3. On my final day of usage where i was thinking about taking it back within the 30 day window i started to see an error message popup that said 4 streams were already being viewed (reached my maximum) and that i would have to stop one of them to view another one. The problem was is that i had just rebooted the device, watched only 1 show, and then tried starting a 2nd show. From my viewpoint i had a fresh box and had only attempted 2 streams. So why would i get this error. I did everything but reboot the box and couldn't get it to work. Then i decided boy is this really worth $130? Maybe they will have it fixed in a few weeks or perhaps not.

4. After reading tivocommunity and one of the threads about it being discounted in the future i thought to myself again .. boy at $130 this is a lot of money for something that isn't working flawlessly. So if i return it now, perhaps i could by it again in the future, assuming they make some of the above improvements, for $99 or so? Or perhaps not. Thought it was worth the gamble and unplugged it and took it back for a full refund.


----------



## BlackBetty

Feel better now?


----------



## button1066

At least it kept you off the street for the last month though didn't it?

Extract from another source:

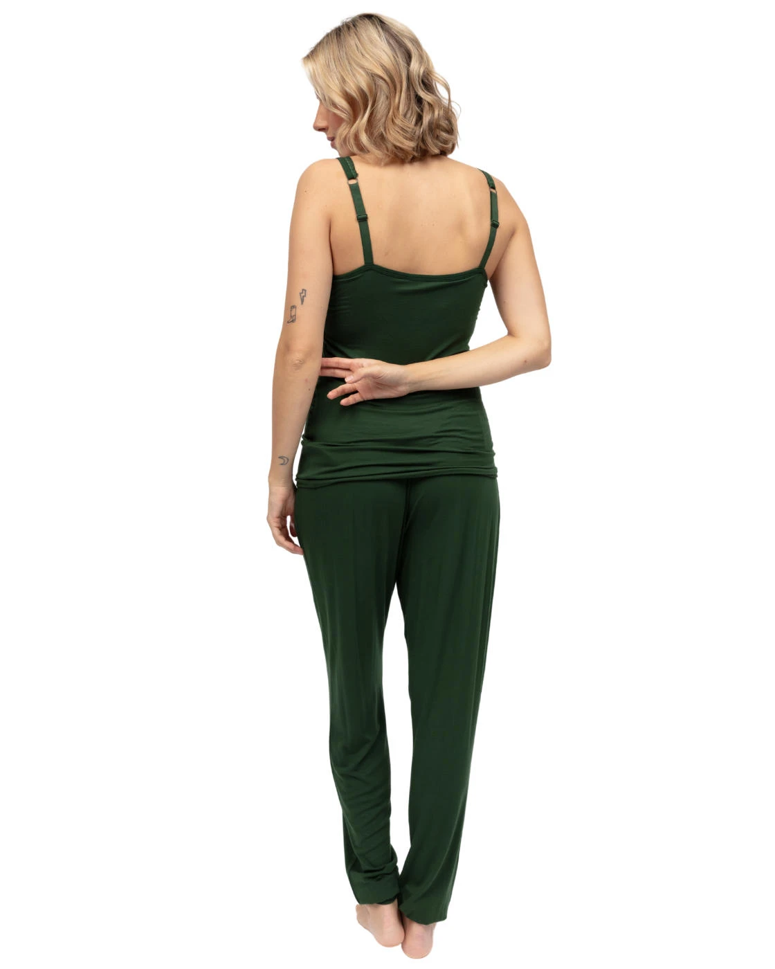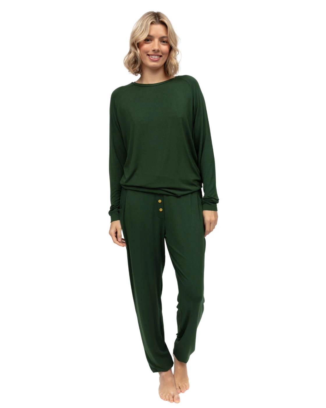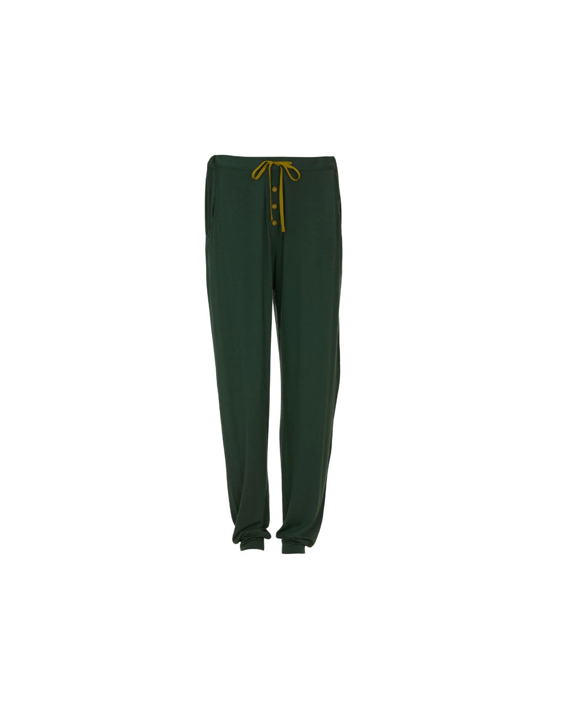 Slipping on in style for an effortless addition to your sleepwear collection with the Olive jersey pyjama bottoms from Cyberjammies. Constructed with exceptionally soft and sustainable fabric, these pants offer a striking plain opaque design, making them perfect to match with any of your current wardrobe. Sporting a cuffed bottom offering the feeling of joggers and the comfort of pyjamas, while the options of an adjustable drawstring is there, it also has an elasticated waistband for maximum personalised comfort. The addition of faux button detail gives an air of sophistication to the simple but timeless piece. Why not try coordinating this with the rest of the Olive collection to really show off your style?
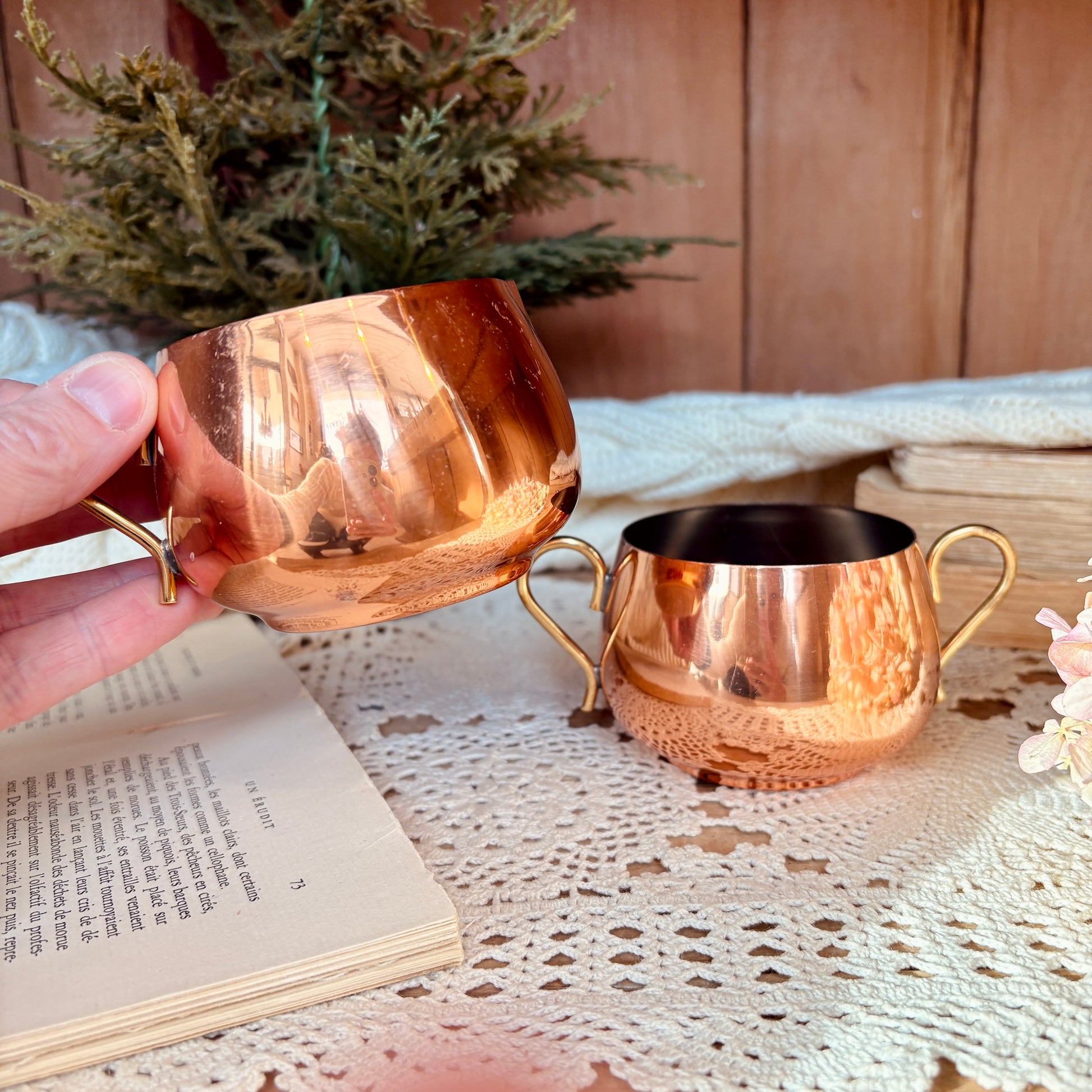 Ensemble à café en cuivre Rehaussez votre rituel du thé ou du café avec cet ensemble raffiné composé d'un sucrier et d'un crémier en cuivre. Chaque pièce allie l'élégance intemporelle du cuivre à une finition soignée, créant une présentation sophistiquée à votre table. Parfait pour les moments de détente en famille ou pour impressionner vos invités, cet ensemble 2 morceaux ajoute une touche de distinction à votre service à café. Un choix idéal pour les amateurs de belles choses qui apprécient l'authenticité et le style.

It certainly sounds like you had quite a wild ride with your TiVo Stream.


----------



## jrtroo

1- you certainly don't need a stream for what you are looking for. Most PCs are not as fast as transcoding as the stream, the CPU is not as optimal as the chips in the stream.

2- I would think MOST would want the show on the tivo to not be automatically deleted, none of the other MRV/MRS functionality works that way. I believe you are likely in the minority on that complaint, but you can want what you want.


----------



## button1066

jrtroo said:


> 1- you certainly don't need a stream for what you are looking for. Most PCs are not as fast as transcoding as the stream, the CPU is not as optimal as the chips in the stream.
> 
> 2- I would think MOST would want the show on the tivo to not be automatically deleted, none of the other MRV/MRS functionality works that way. I believe you are likely in the minority on that complaint, but you can want what you want.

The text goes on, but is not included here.